As an employer, you probably have a large degree of trust placed in your employees. You expect them to perform the tasks for which they are paid and not abuse any corporate resources. However, you cannot just depend on trust when it comes to cybersecurity. Employees can use their business machines to access inappropriate or malicious content, potentially damaging your digital assets. There is also the possibility that malicious resources can be accessed at no direct fault of the employees, for example, malicious email links or typo-squatting domains. In the dangerous world of the modern Internet, it helps to have a comprehensive content filtering solution in place on any business network.
Websites are typically blocked by their DNS address. The Domain Name System (DNS) is the protocol that resolves a domain name to an IP address. Networks don't talk in human language; they need numeric addresses to communicate. For example, DNS will resolve www.google.com to the IP address 64.233.185.113.

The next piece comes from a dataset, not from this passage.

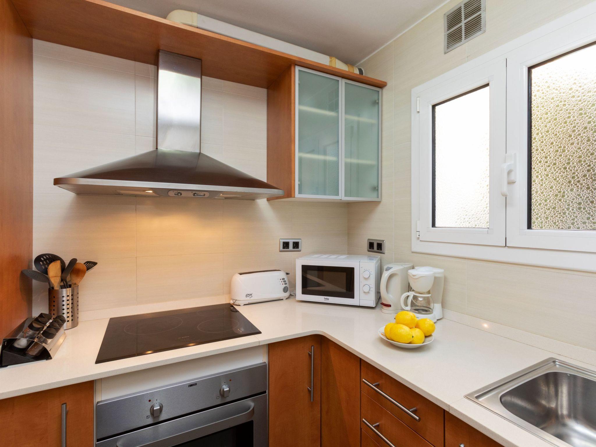 "Santa Cruz", 3-Zimmer-Wohnung 68 m2 im 3. Stock. Zweckmässig eingerichtet: Wohn-/Esszimmer mit Digital-TV. Ausgang zur Terrasse. 1 Zimmer mit 2 Betten (80 cm, Länge 190 cm). 1 Zimmer mit 1 franz. Bett (135 cm, Länge 190 cm). Ausgang zur Terrasse. Küche (Backofen, Geschirrspüler, 3 Glaskeramikplatten, Toaster, Wasserkocher, Mikrowelle, elektrische Kaffeemaschine). Dusche/Bidet/WC. Keine Heizmöglichkeit. 2 Terrassen 6 m2. Terrassenmöbel. Zur Verfügung: Waschmaschine, Bügeleisen, Kinderhochstuhl, Babybett bis 2 Jahre, Haartrockner. Internet (WLAN, gratis). Bitte beachten: geeignet für Familien. TV nur ES. HUTG021849 // Reg. Nr.: ESFCTU000017028000044039000000000000000000HUTG0218494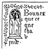 "Et quant il se leva tout esmeu, il trouva icelluy qui mourait de froit, il le porta en sa maison, et alluma du feu, et se estudia à le chauffer, et comme il ne le pouvait eschauffer nullement, il se doubta qu'il ne défaillit par froit, et le porta en son lict, et le couvrit dilligemment. Et, un peu après, celui qui lui était apparu comme malade et lépreux monta très resplendissant ès cieulx et dit à son oste: 'Julien, Notre-Seigneur m'a envoyé à toi et te mande qu'il a receu ta pénitence, et tous deulx reposerez en Notre-Seigneur dedans un peu de temps.' Tantost celluy s'évanouit (disparut). Et lors, un peu après, Julien et sa femme, pleins de bonnes œuvres et d'aulmônes, reposèrent en Notre-Seigneur."—Légende Dorée.

DNS resolution is provided through a hierarchy of DNS servers. If you want to filter content on your business network, you can do it at various points in the resolution process. The various options are described below.
Hosts File
Each computer has its own hosts file, which is a local mapping of domain names to IP addresses. The hosts file is consulted first in the DNS lookup process. If the appropriate name resolution is found in the hosts file, it is processed, overriding the need to contact a server. The hosts file is also configurable, meaning you can specify desired DNS results by entering them. You can block websites via the hosts file if you wish. Be aware that if you use this option, websites will only be blocked on the local computer where you edited the hosts file. There is no network-wide DNS filtering with this option. However, you can configure one large, master hosts file with all the blocked websites you want and then deploy it to each workstation in your network. Addresses are blocked in the hosts file by pointing the domain name to a non-routable address, such as your local machine's loopback address, 127.0.0.1. or 0.0.0.0.
This GitHub link provides a large archive of different host blocklists. Here are some examples:
You can copy the raw files and paste them into your existing hosts file, or create a separate hosts file in Notepad and deploy it to each workstation in your environment. Make sure that you override the existing hosts file if you are deploying one to multiple machines.
An upside to the hosts file approach to content filtering is that since the domains are blocked at the workstation level, the blocks persist even if the device leaves your company network. This makes it a useful approach if your business frequently utilizes BYOD and Remote Access connections.
Third-Party DNS Filtering
If you have a large network environment and want a more centralized/organized approach to content filtering, you can purchase network-wide DNS filtering from various providers. Two of the most reputable providers are Cisco Umbrella and CloudFlare. These services are configured by pointing the DNS servers of your internal network out to the provider's servers. These services usually focus on blocking malicious websites, but can be heavily configured by customers to block many categories of websites.
One of the most popular and simple DNS Content Filtering solutions is Quad9, which is a free public DNS service that helps filtering malicious websites.
Pi-Hole
Pi-Hole is a free DNS sinkhole platform that allows you to host your own DNS filtering service with your own configurations. Pi-Hole's main selling point is as an ad/tracker blocker. However, you can add your own choice of blocklists to your liking. Pi-Hole can be run on a variety of devices. You can host it on a Raspberry Pi if you want a lightweight option. I have found that the best performing deployment of Pi-Hole is as a Docker container hosted on a Linux system.
Configuring Pi-Hole is as simple as spinning up a Docker container and pointing your network's DNS to the hosting server. Pi-Hole can also function as a DHCP server if you wish to offload the DHCP service from your router. Once you have done this, you can begin uploading blocklists on the Pi-Hole dashboard. There is a wealth of pre-configured blocklists on the Internet. This GitHub link contains great lists with a large number of entries in various categories.
For the average small business environment, I highly recommend Pi-Hole as the most effective DNS content filtering solution at no cost.